Ikan di lautan dalam biasa digambarkan punya bentuk yang menyeramkan dan aneh. Mengapa demikian?
Hidup di lautan dalam tidak semudah di lautan dangkal, sehingga ikan yang memiliki habitat di lautan dalam perlu penyesuaian termasuk dari bentuk tubuh yang akhirnya membuat sejumlah ikan tampak aneh.
Lautan dalam mencakup 90 persen air di lautan, tetapi hanya menampung sepertiga populasi ikan dunia. Para peneliti menyebut hal ini dikarenakan perairan dangkal memiliki suhu yang hangat dan lebih banyak sumber daya, menjadikannya lokasi menarik bagi spesies baru untuk berevolusi dan berkembang.

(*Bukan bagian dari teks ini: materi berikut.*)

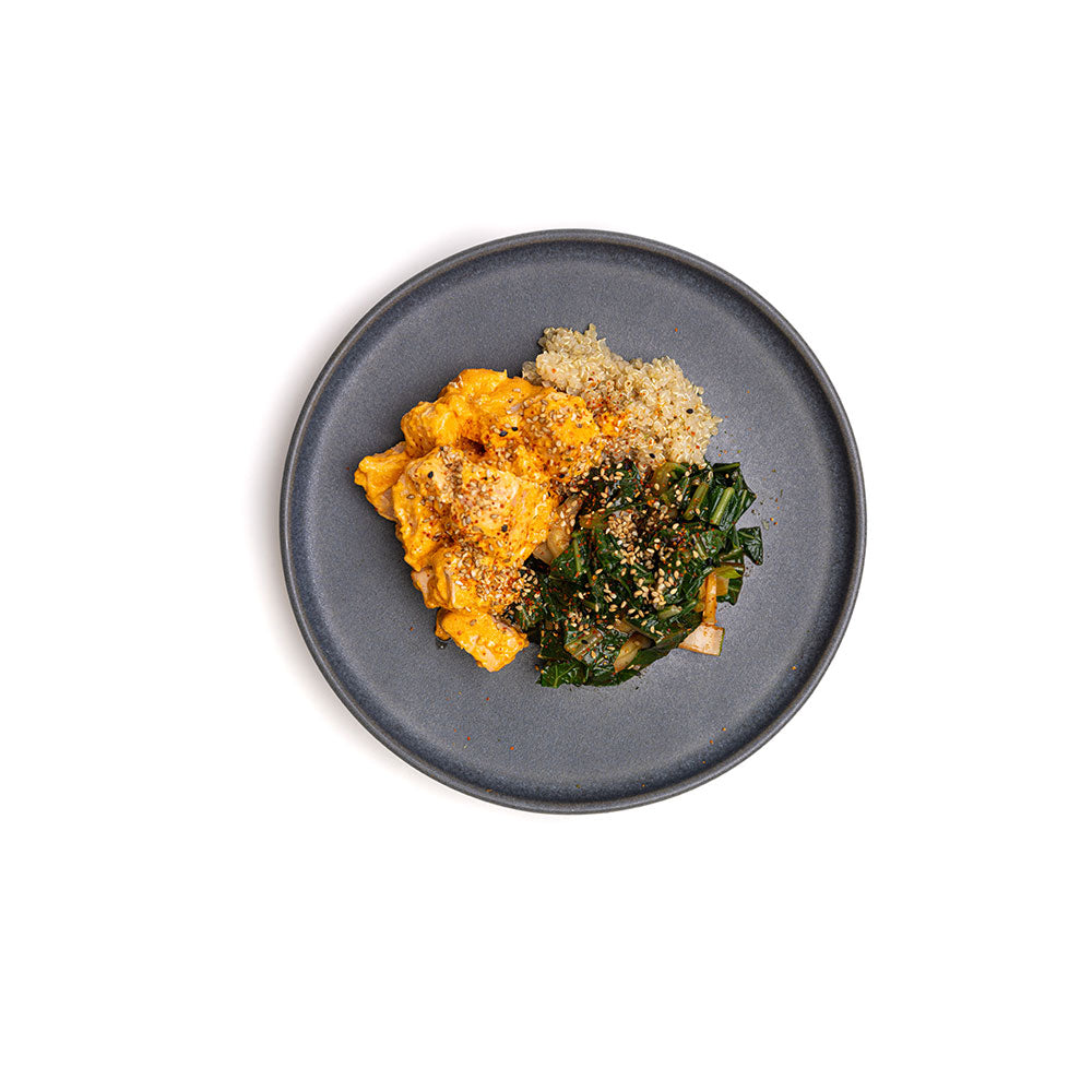 Spicy Salmon Sushi Bake with Quinoa & Market Greens

Meski demikian, sebuah penelitian terbaru yang dipimpin Elizabeth Miller dari University of Washington menyebut laut dalam yang gelap dan dingin pernah menjadi tempat favorit ikan-ikan.
Tidak semua spesies memiliki kombinasi sifat dan fisik yang tepat untuk bertahan hidup di laut dalam dan memanfaatkan sumber daya yang relatif terbatas di luar jangkauan sinar matahari.

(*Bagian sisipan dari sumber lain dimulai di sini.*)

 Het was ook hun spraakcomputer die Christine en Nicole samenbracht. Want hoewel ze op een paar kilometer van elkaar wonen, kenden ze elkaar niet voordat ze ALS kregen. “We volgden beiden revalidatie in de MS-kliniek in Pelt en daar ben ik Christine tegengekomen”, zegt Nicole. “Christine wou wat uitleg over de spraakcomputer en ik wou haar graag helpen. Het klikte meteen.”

“Untuk berevolusi menjadi spesies baru di laut dalam, pertama-tama Anda harus sampai di sana,” kata Miller, seperti dikutip situs University of Washington.
“Apa yang kami temukan adalah bahwa tidak hanya tingkat spesialisasi yang berubah-ubah dari waktu ke waktu, tetapi juga seperti apa rupa ikan laut dalam,” tambahnya.
Ikan paling awal yang mampu bertransisi ke kehidupan di laut dalam cenderung memiliki rahang yang besar. Ini kemungkinan memberi mereka lebih banyak kesempatan untuk menangkap makanan, yang bisa jadi langka di kedalaman.
Para peneliti juga menemukan ikan yang memiliki ekor yang lebih panjang dan meruncing cenderung paling berhasil melakukan transisi ke perairan dalam. Ini memungkinkan mereka menghemat energi dengan meluncur di sepanjang dasar laut alih-alih berenang di kolom air.
“Jika Anda melihat siapa yang hidup di laut dalam saat ini, beberapa spesies memiliki tubuh yang meruncing dan yang lainnya memiliki rahang yang besar, menakutkan, dan bergigi,” kata Miller yang juga mempublikasikan hasil studinya di jurnal PNAS dengan judul Alternating regimes of shallow and deep-sea diversification explain a species-richness paradox in marine fishes.
“Kedua model tubuh itu mewakili nenek moyang yang menjajah laut dalam selama jutaan tahun,” lanjutnya.
Miller berharap penelitian di masa depan dapat membangun temuan ini dan menyelidiki bagaimana ikan laut dalam modern akan merespons perubahan iklim, dan berpotensi berubah menjadi upaya konservasi.
“Apa yang kami pelajari dari penelitian ini adalah bahwa ikan laut dalam cenderung hidup dengan baik saat lautan lebih dingin, tetapi dengan perubahan iklim, lautan menjadi lebih hangat,” katanya.
“Kita bisa berharap bahwa ini benar-benar akan berdampak pada ikan di laut dalam di tahun-tahun mendatang,” pungkasnya.